The Society of Thoracic Surgeons (STS) and the American Association for Thoracic Surgery (AATS) have intermittently surveyed their combined membership. These manpower surveys have provided snapshots of thoracic surgery, documenting practice changes over time. At this critical time in US health care reform the physician workforce is of critical importance. This survey updates the data obtained from the 2000 and 2005 surveys.


The survey instrument was updated from the 2005 survey. It was received by 5265 surgeon members of the STS/AATS during November and December 2009. There was a superb 50% return rate.

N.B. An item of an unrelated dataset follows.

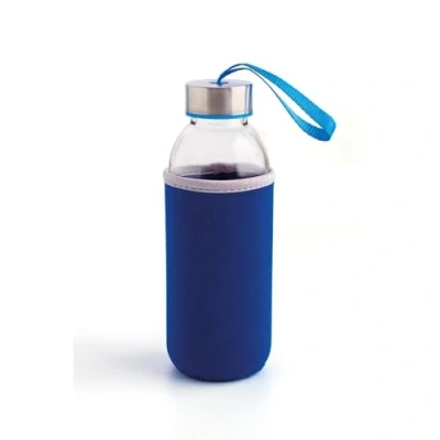 400 ML GLASS BOTTLE WITH STAINLESS STEEL CAP AND QUIDATE BLUE NEOPRENE COVER Bottle for water, juices or glass soda 40 cl bottle easily transportable With removable neoprene sleeve and metal stopper with hanger handle Totally BPA free. Dishwasher Safe

The data were entered into a comprehensive database. Perception Solutions, Inc, independently performed the analysis.


The median age of the active US thoracic surgeons is 52.9 years. Women comprise 3.4% of adult cardiac, 5.2% of congenital heart, and 7.9% of general thoracic surgeons. The decision to pursue a career in thoracic surgery was made before or in medical school by 45.3% of surgeons. The majority of survey respondents had a mean of 8.7 years of residency training after medical school graduation. The cumulative average educational debt was $56,000. Overall career satisfaction was 46% (very or extremely satisfied). Database participation was 84%. Operative volume over the past 12 months decreased for 30% of surgeons. Malpractice premiums have steadily increased over the past 5 years from $55,947 to $59,673. The number of additional years the currently active US cardiothoracic surgeon plans to practice is 12.6 years. Therefore, the projected retirement age of the thoracic surgery workforce will be 65. This is consistent among all surgeons: adult cardiac, 66 years; congenital heart, 65 years; and general thoracic, 67 years.

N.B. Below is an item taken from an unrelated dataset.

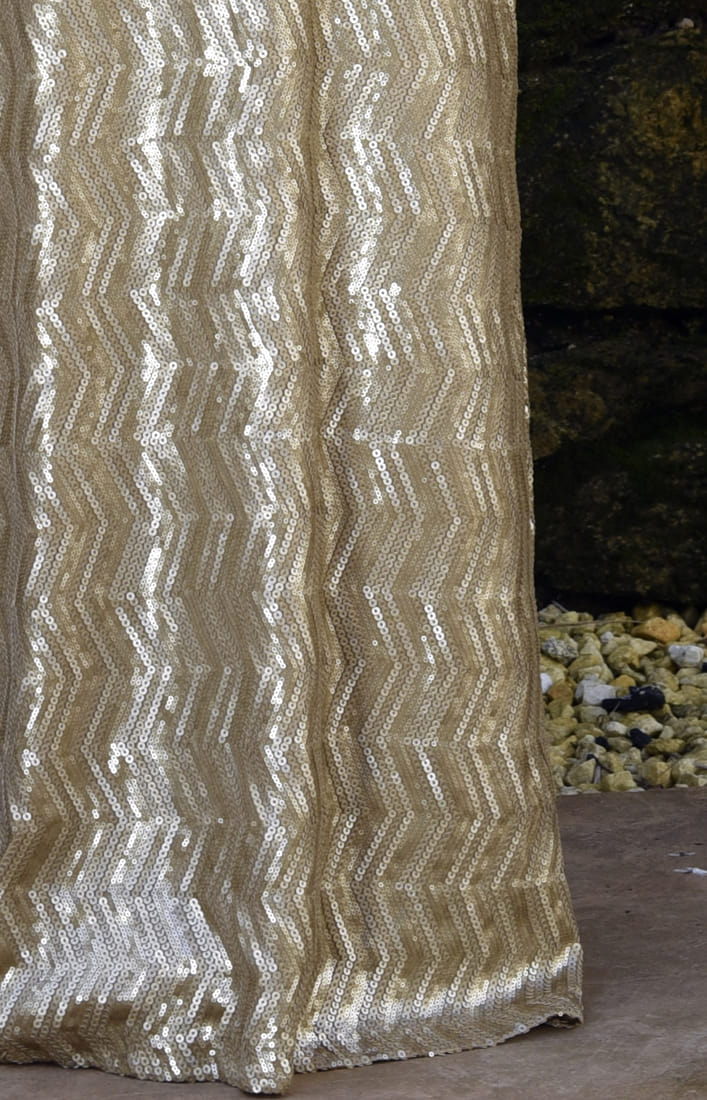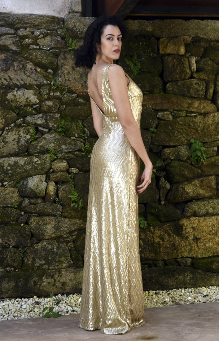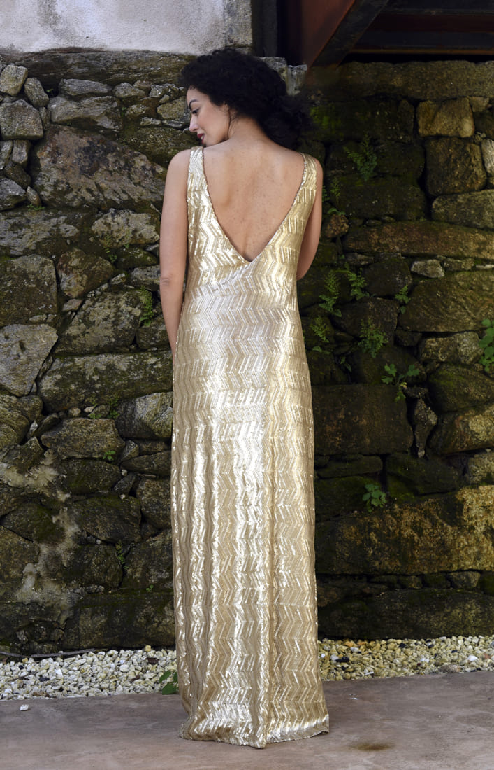 Vestido largo, con tejido en lentejuela color dorado semibrillo.

These data give a clear profile of the specialty at this time. The major challenges remain length of training and educational debt of the thoracic surgeon. Case volume, scope of practice, malpractice costs, and career satisfaction remain major elements to provide a positive environment to recruit new surgeons in to the specialty. The resident pool has contracted while the workforce ages and retirement looms. Significant shortages may develop as the US population ages in the environment of health care reform.